Your answer must be the lines from the top of the listing below through the line that holds "Autism Awareness Puzzle", retyped exactly, with no pictures.

Supplied material
+--
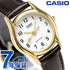 7年保証キャンペーン カシオ チープカシオ 海外モデル クオーツ レディース 腕時計 LTP-1094Q-7B4RDF CASIO アナログ ホワイト×ダークブラウン ◆お手頃な値段で機能性、耐久性に優れた「チープカシオ」。メンズ、レディース問わずデザインが豊富。軽くて薄いのに、丈夫なところも魅力のひとつです。 ラウンド型のフォルムにベーシックなデザインが特徴のモデル。シンプルな三針に、時間の読み取りがしやすいインデックスを採用。コロンとしたサイズ感に細身のレザーベルトが腕元を女性らしく演出します。カジュアルはもちろん、少しフォーマルな服装にも合わせてお使いただける、オンオフ問わないデザインです。ユニセックスモデルとのペアウォッチとしてもオススメ。 日本未発売モデル
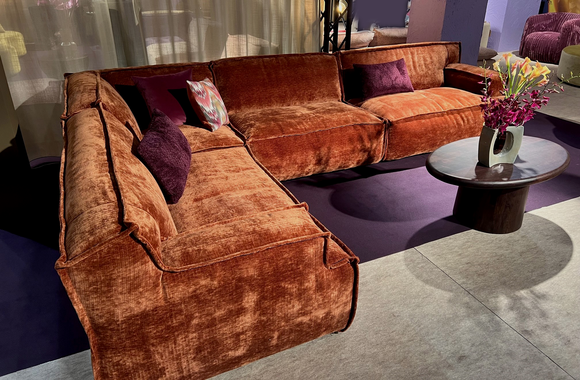 MOJO CHAISE LONGUE RECHTS GEWEVEN RIBSTOF ROESTBRUIN
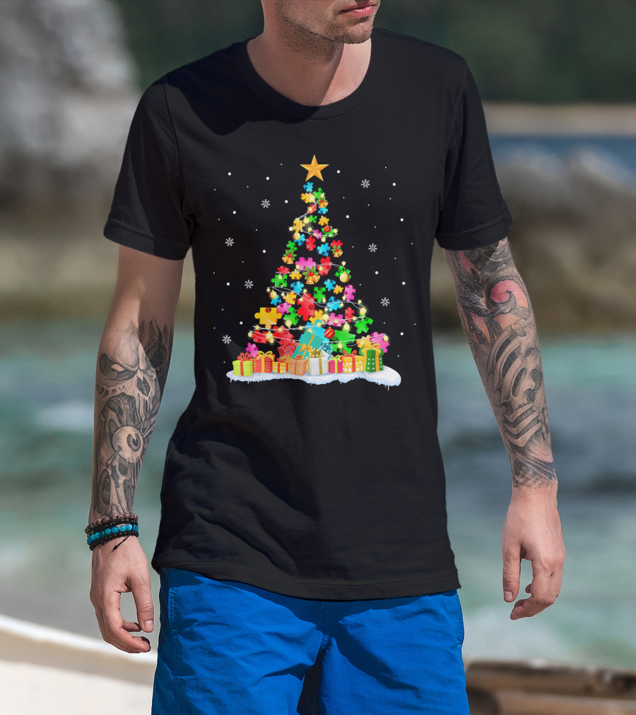 Autism Awareness Puzzle Piece Christmas Tree Holiday T-Shirt
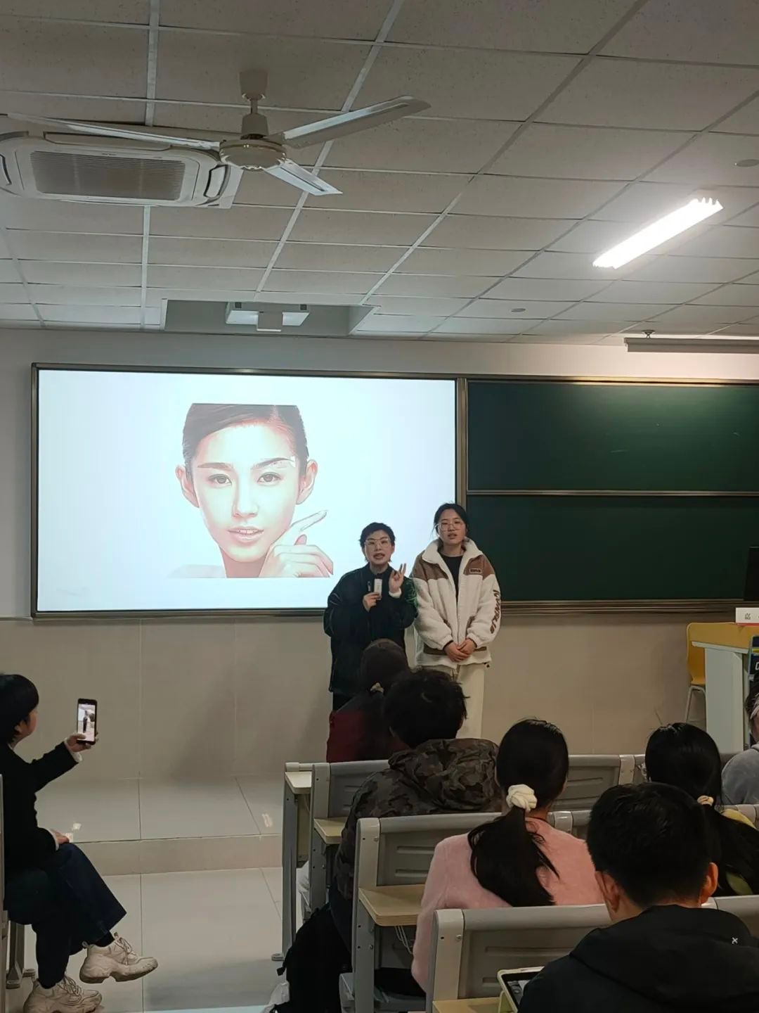 讲座分为理论讲解与实践操作两个环节。在理论环节,嘉蔓老师首先从职场形象的重要性切入,结合具体案例,详细讲解了职场妆容的基本原则与操作步骤。通过对色彩理论、肤质分析、底妆打造等专业知识的系统讲解,为学生们奠定了扎实的理论基础。
+--
Result below
 7年保証キャンペーン カシオ チープカシオ 海外モデル クオーツ レディース 腕時計 LTP-1094Q-7B4RDF CASIO アナログ ホワイト×ダークブラウン ◆お手頃な値段で機能性、耐久性に優れた「チープカシオ」。メンズ、レディース問わずデザインが豊富。軽くて薄いのに、丈夫なところも魅力のひとつです。 ラウンド型のフォルムにベーシックなデザインが特徴のモデル。シンプルな三針に、時間の読み取りがしやすいインデックスを採用。コロンとしたサイズ感に細身のレザーベルトが腕元を女性らしく演出します。カジュアルはもちろん、少しフォーマルな服装にも合わせてお使いただける、オンオフ問わないデザインです。ユニセックスモデルとのペアウォッチとしてもオススメ。 日本未発売モデル
 MOJO CHAISE LONGUE RECHTS GEWEVEN RIBSTOF ROESTBRUIN
 Autism Awareness Puzzle Piece Christmas Tree Holiday T-Shirt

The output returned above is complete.